<<<<
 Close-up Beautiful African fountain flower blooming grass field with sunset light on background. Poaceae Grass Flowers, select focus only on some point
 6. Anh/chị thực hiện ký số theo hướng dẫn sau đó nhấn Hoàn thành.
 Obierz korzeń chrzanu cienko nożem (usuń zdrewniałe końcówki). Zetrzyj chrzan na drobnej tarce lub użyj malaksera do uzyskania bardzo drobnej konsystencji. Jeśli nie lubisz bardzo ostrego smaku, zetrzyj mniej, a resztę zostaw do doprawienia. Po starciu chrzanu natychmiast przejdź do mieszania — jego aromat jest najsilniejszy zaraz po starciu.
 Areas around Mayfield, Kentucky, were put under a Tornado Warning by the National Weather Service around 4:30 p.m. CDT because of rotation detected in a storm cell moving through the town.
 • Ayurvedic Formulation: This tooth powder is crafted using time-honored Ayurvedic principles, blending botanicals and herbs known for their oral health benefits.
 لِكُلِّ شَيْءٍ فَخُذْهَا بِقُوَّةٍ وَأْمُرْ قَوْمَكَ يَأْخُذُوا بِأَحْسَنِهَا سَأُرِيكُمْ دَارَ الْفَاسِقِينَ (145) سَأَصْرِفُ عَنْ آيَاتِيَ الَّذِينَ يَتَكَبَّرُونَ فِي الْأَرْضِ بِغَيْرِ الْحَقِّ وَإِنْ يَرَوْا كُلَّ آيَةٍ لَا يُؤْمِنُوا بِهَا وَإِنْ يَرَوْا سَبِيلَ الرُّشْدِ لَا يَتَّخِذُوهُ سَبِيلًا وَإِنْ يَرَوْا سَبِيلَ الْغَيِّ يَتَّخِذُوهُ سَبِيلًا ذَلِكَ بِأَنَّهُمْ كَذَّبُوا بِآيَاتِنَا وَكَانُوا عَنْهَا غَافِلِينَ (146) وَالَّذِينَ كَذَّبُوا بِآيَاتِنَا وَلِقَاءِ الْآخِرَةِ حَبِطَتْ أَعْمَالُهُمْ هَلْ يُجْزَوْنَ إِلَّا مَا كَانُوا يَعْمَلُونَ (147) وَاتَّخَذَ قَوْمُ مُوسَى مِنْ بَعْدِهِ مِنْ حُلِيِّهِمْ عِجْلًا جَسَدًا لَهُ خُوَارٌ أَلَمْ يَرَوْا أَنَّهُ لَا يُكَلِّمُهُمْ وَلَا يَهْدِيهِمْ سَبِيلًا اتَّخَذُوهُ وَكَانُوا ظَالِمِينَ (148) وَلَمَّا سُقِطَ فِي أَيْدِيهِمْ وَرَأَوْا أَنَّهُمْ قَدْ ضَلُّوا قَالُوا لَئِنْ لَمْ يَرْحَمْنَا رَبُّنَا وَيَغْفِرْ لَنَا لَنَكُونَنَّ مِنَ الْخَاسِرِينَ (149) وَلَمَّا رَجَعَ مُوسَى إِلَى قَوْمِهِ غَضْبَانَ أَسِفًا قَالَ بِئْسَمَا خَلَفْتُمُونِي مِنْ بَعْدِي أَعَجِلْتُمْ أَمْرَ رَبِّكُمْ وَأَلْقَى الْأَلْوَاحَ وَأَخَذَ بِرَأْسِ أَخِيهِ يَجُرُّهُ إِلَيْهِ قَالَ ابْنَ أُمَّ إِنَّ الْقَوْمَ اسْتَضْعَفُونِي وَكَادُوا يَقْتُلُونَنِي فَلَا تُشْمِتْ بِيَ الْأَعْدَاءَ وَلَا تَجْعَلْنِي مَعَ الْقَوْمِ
>>>>
<<<<
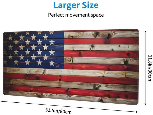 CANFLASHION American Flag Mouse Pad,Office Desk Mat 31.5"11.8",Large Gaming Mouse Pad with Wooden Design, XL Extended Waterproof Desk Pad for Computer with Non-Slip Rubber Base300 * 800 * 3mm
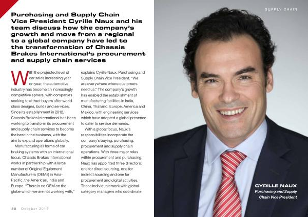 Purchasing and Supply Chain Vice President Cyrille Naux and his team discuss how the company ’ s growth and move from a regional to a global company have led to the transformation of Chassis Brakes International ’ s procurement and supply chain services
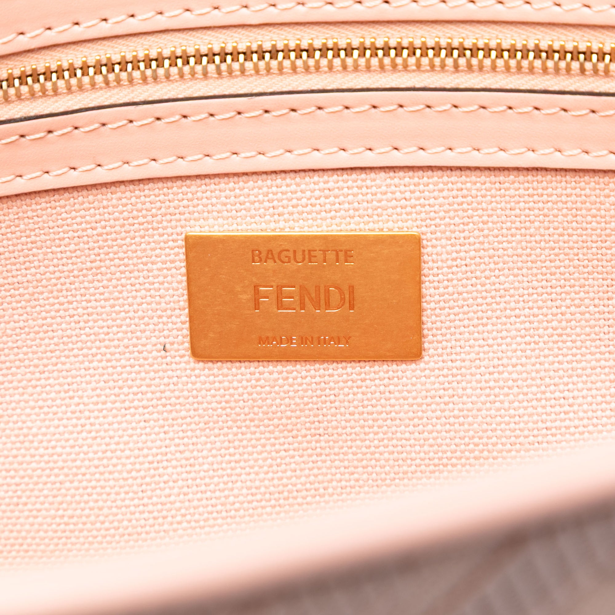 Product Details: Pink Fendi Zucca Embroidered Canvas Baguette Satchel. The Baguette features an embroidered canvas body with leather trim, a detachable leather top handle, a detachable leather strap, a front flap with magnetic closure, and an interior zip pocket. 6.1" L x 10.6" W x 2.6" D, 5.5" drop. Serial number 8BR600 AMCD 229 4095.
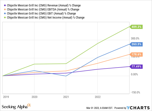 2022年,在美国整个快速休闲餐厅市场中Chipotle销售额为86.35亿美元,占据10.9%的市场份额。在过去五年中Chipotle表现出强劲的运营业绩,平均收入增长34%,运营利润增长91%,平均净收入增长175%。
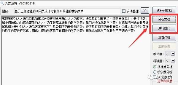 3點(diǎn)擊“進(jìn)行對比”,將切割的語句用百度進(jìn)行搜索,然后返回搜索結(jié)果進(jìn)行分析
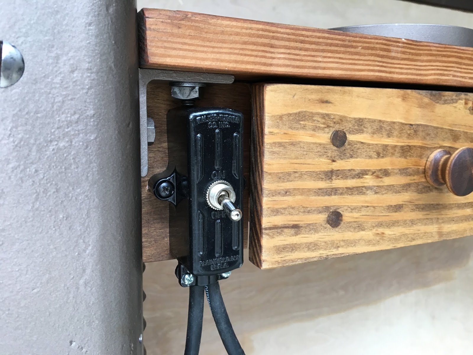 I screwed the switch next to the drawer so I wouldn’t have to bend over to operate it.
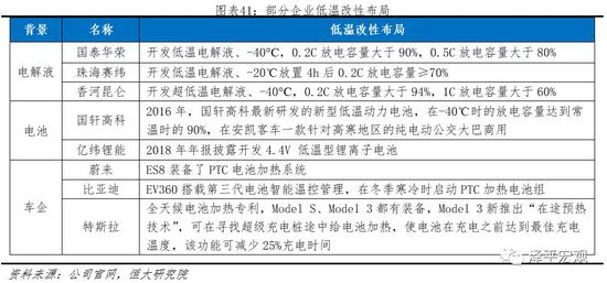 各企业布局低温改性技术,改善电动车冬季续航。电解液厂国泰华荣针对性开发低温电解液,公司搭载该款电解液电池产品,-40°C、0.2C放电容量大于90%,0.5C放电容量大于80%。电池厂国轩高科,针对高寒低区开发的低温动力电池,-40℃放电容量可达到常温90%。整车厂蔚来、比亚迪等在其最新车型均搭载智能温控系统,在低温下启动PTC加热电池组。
>>>>
> Required action
In the listing above, find the line containing "Purchasing and Supply" and the line containing "各企业布局低温改性技术,改善", then write out both of them and every line between, exactly, with no pictures.

> Completed task
 Purchasing and Supply Chain Vice President Cyrille Naux and his team discuss how the company ’ s growth and move from a regional to a global company have led to the transformation of Chassis Brakes International ’ s procurement and supply chain services
 Product Details: Pink Fendi Zucca Embroidered Canvas Baguette Satchel. The Baguette features an embroidered canvas body with leather trim, a detachable leather top handle, a detachable leather strap, a front flap with magnetic closure, and an interior zip pocket. 6.1" L x 10.6" W x 2.6" D, 5.5" drop. Serial number 8BR600 AMCD 229 4095.
 2022年,在美国整个快速休闲餐厅市场中Chipotle销售额为86.35亿美元,占据10.9%的市场份额。在过去五年中Chipotle表现出强劲的运营业绩,平均收入增长34%,运营利润增长91%,平均净收入增长175%。
 3點(diǎn)擊“進(jìn)行對比”,將切割的語句用百度進(jìn)行搜索,然后返回搜索結(jié)果進(jìn)行分析
 I screwed the switch next to the drawer so I wouldn’t have to bend over to operate it.
 各企业布局低温改性技术,改善电动车冬季续航。电解液厂国泰华荣针对性开发低温电解液,公司搭载该款电解液电池产品,-40°C、0.2C放电容量大于90%,0.5C放电容量大于80%。电池厂国轩高科,针对高寒低区开发的低温动力电池,-40℃放电容量可达到常温90%。整车厂蔚来、比亚迪等在其最新车型均搭载智能温控系统,在低温下启动PTC加热电池组。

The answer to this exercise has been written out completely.